- [Task to carry out]
Leaving the pictures aside, repeat each line below exactly.

- [Information provided]
%%

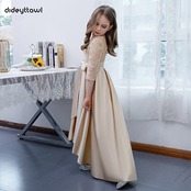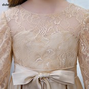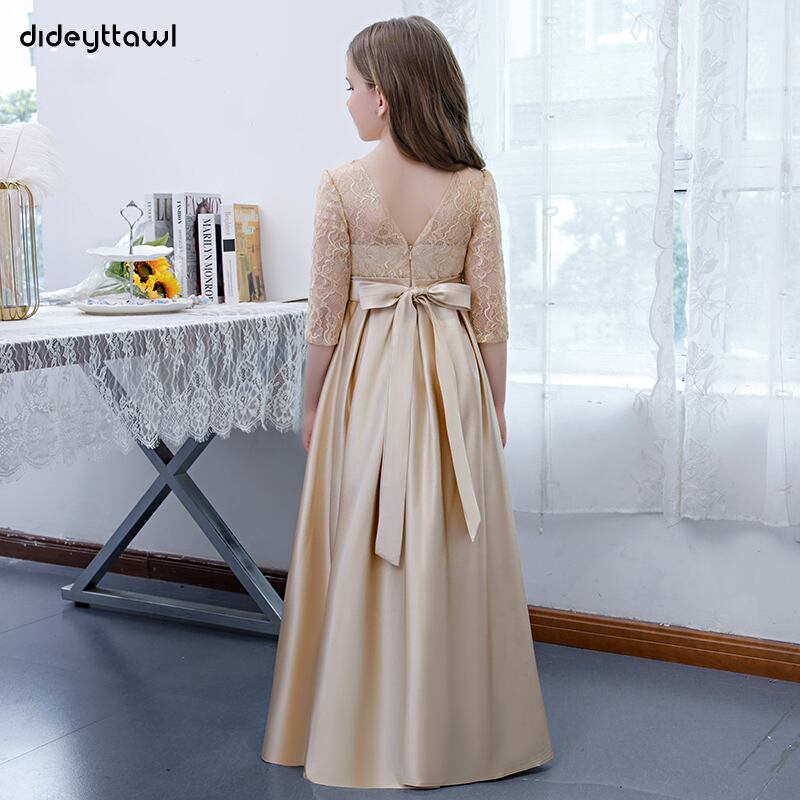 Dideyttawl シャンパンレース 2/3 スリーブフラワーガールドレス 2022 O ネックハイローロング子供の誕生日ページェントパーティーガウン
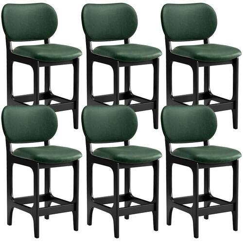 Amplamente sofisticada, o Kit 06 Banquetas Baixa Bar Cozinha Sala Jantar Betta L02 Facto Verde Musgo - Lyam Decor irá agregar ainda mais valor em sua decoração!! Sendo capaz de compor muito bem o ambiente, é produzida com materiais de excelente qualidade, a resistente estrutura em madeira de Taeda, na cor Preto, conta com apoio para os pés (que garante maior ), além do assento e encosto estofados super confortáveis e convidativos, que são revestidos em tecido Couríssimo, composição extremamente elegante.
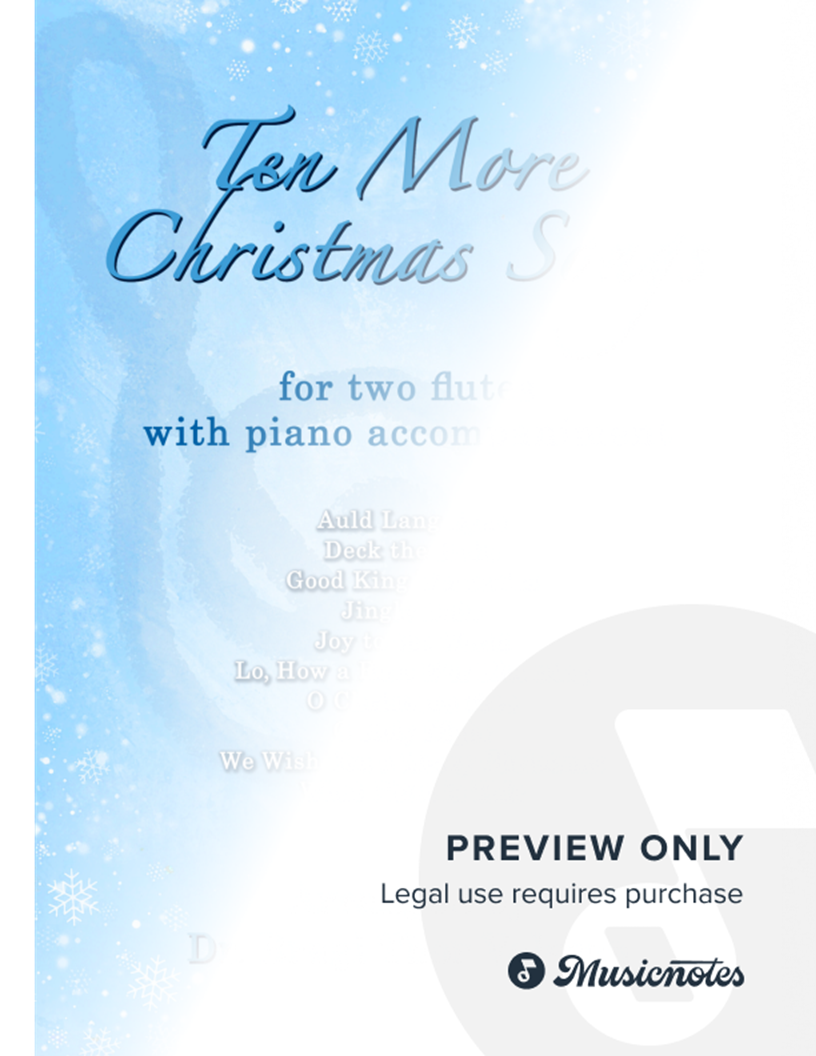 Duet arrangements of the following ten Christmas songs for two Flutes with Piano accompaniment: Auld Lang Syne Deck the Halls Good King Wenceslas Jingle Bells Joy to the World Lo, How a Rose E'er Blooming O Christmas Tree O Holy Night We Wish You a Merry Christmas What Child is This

%%

- [Answer for the task]
 Dideyttawl シャンパンレース 2/3 スリーブフラワーガールドレス 2022 O ネックハイローロング子供の誕生日ページェントパーティーガウン
 Amplamente sofisticada, o Kit 06 Banquetas Baixa Bar Cozinha Sala Jantar Betta L02 Facto Verde Musgo - Lyam Decor irá agregar ainda mais valor em sua decoração!! Sendo capaz de compor muito bem o ambiente, é produzida com materiais de excelente qualidade, a resistente estrutura em madeira de Taeda, na cor Preto, conta com apoio para os pés (que garante maior ), além do assento e encosto estofados super confortáveis e convidativos, que são revestidos em tecido Couríssimo, composição extremamente elegante.
 Duet arrangements of the following ten Christmas songs for two Flutes with Piano accompaniment: Auld Lang Syne Deck the Halls Good King Wenceslas Jingle Bells Joy to the World Lo, How a Rose E'er Blooming O Christmas Tree O Holy Night We Wish You a Merry Christmas What Child is This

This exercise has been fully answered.